Angelica knows there is some unspeakable violation in what she’s done in withholding David. But this is what medical advancements are for—fixing what isn’t fair. Illnesses are unfair. They strike without concern for timing, or the promise of their victim’s future. What is more unfair than losing your freedom? Freedom is what tragedy ultimately takes away. Freedom is where it hits the hardest. As much as one mourns the loss, or feels the trauma, at the heart of that is the inability to proceed unaffected. Remy might have chosen to keep David in her memory, despite the pain, but only without knowing how much better she would feel without him. How much better her life could be. One shouldn’t be allowed to decide such things for themselves. Someone who loves you, who wants what’s best for you, that’s who should be burdened with the decision.
Angelica knows it’s hypocritical taking such control over her daughter’s life. Especially for something she herself has never submitted to. Angelica has been hurt; she has felt unbearable pain. Yet she would never have chosen to remove it. Angelica could never see past the fact that she loved Sahar, loves her still; she could not see through the infatuation then, or the pleasureful pain of missing her. But the scientist in her wonders what life might have been like had they never crossed paths. Had she not chosen to be destroyed over and over.

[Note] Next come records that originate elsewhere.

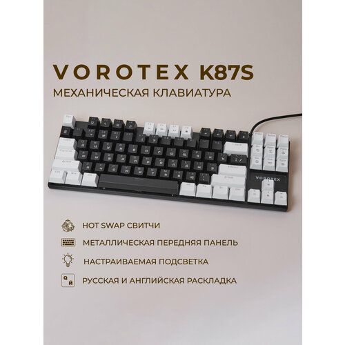 Найти - Игровая клавиатура VOROTEX K87S Red Switch, черный/белый, русская
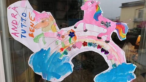 ورسم طفل يبلغ من العمر خمس سنوات، قوس الشمس وعليه شعار «كل شيء سيكون على ما يرام».
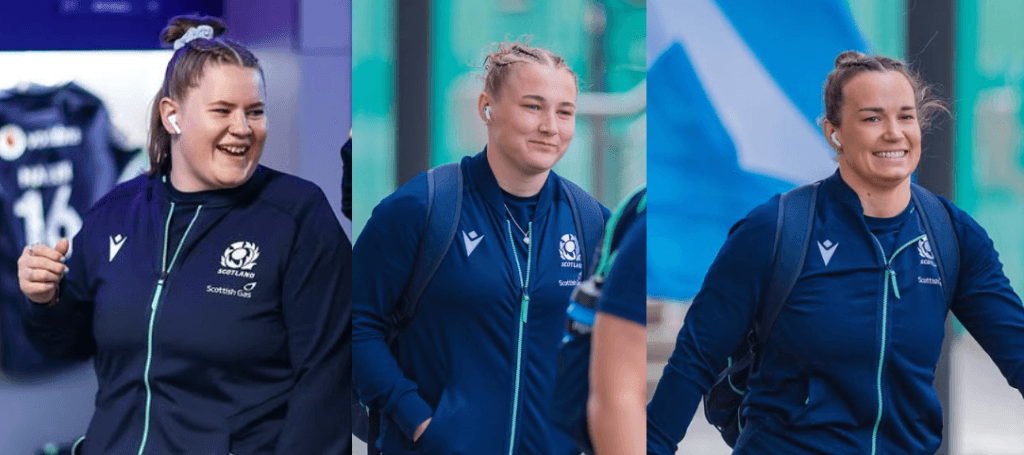 Leah Bartlett, Leia Brebner-Holden and Rachel Malcolm are pictured – thanks to Scottish Rugby and Ruby Adam Photography
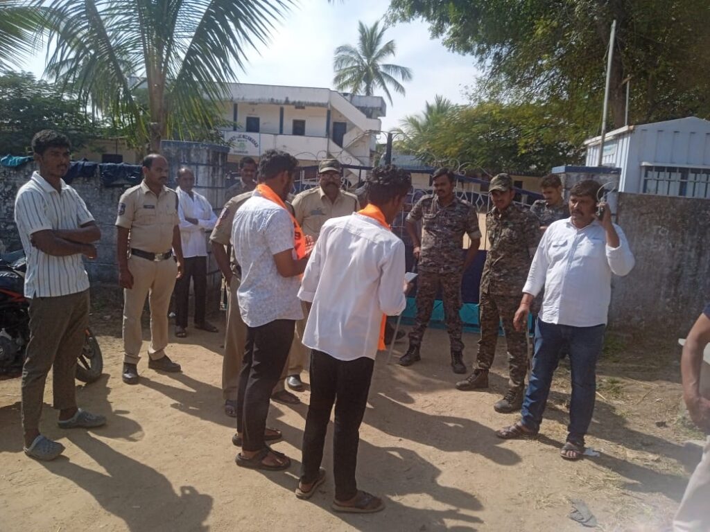 వసతి గృహం ఎదుట పోలీసుల భారీ బందోబస్తు
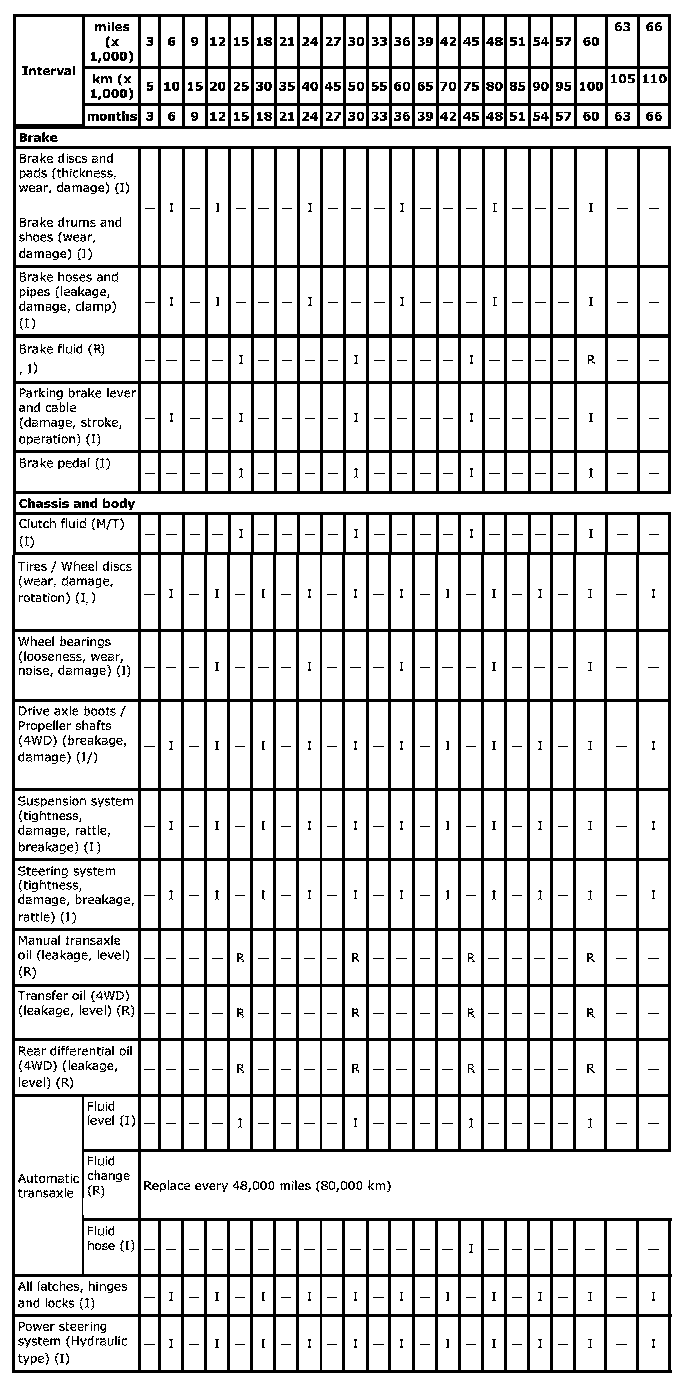 ^ This interval should be judged by odometer reading or months, whichever comes first.
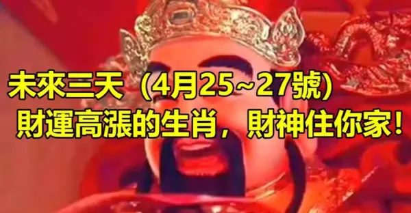 未來三天(4月25~27號) 財運高漲的生肖,財神住你家!
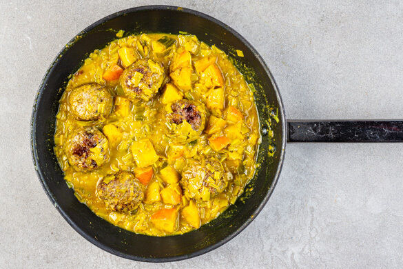 Denken wir an unseren Nachbarn im Norden, sind Rinderhackbällchen, die in Currysauce gegart werden, wohl nicht das Erste, was wir mit der dänischen Küche assoziieren. Tatsächlich sind „Boller i karry“ aber ein echter Klassiker und bei Groß und Klein beliebt. Heute wird die Sauce mit Apfelstückchen und Lauch angereichert und auf einem cremigen Kartoffelstampf mit Spinat serviert. Fantastisk, wie der Däne sagen würde.
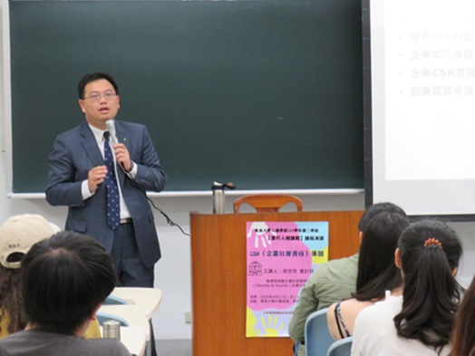 本校人權學程於2019年4月11日,邀請勤業眾信聯合會計師事務所企業社會責任負責人吳世宗會計師,與學生分享商業與人權的關聯,以相關實務經驗來說明企業負擔社會責任對企業本身與社會大眾的影響。
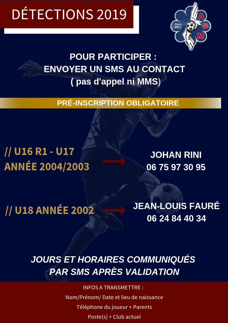 Des détections pour intégrer l’AS Muret Football la saison prochaine sont programmées ce mois-ci !

This is uncharted territory; rules for practicing can’t apply when the very questions have no precedent. In years Angelica is sure that she will look back and understand she made the right choice for Remy. Others would understand, should they ever find out. Remy will go back to Brown. She will make new friends; she will build a life that fulfills her, free from the pain, free from the guilt of being happy when the person she loved most had—well, why speak it. Remy will be lucky to be kept off social media for all the standard, explicable reasons. And common decency will keep most people from ever mentioning David to her, since she will never bring him up. They will marvel at her resiliency. If she does find out about him later, which inevitably she will, she will be in a place where such knowledge cannot touch her. The truth will be a distant story, incapable of hurting her more than a sad book she once read, or a movie she can turn off at the end. And she will thank me, Angelica thinks. She will thank her mother.
Angelica would like to forget David, too. But not everyone gets the blessing of forgetting; someone has to remember. Someone has to carry the burden for both of them. To protect her daughter, she must remember. She places her hand on the vessel again, feeling it warm, the inside aglow as the wash of Remy’s reinstated memories diffuse, reinforcing themselves in her mind. Her bright, strong mind, streamlined and refined to best prepare her to move on. To be the person she was on her way to becoming. If Angelica came up short as a mother before, which she suspects she has, this is something she can offer that no one else could. No mother who volunteered for every field trip, who was there at every soccer game, who handmade their children’s Halloween costumes, none of them could give their children what Angelica could give Remy now.
* * *
Back in her office, Angelica opens the desk drawer and takes out the small bottle of pills marked N/A. She asked for them to be separated and distilled, a record of what was kept out of her daughter’s reintegration. Just in case. In her hand, all the places David’s life touched her daughter’s. An extraction of the pain he left, even in momentary joy. No one else knows what she sorted by, or what was removed. These pieces of her daughter, no longer hers. Like a past that never happened.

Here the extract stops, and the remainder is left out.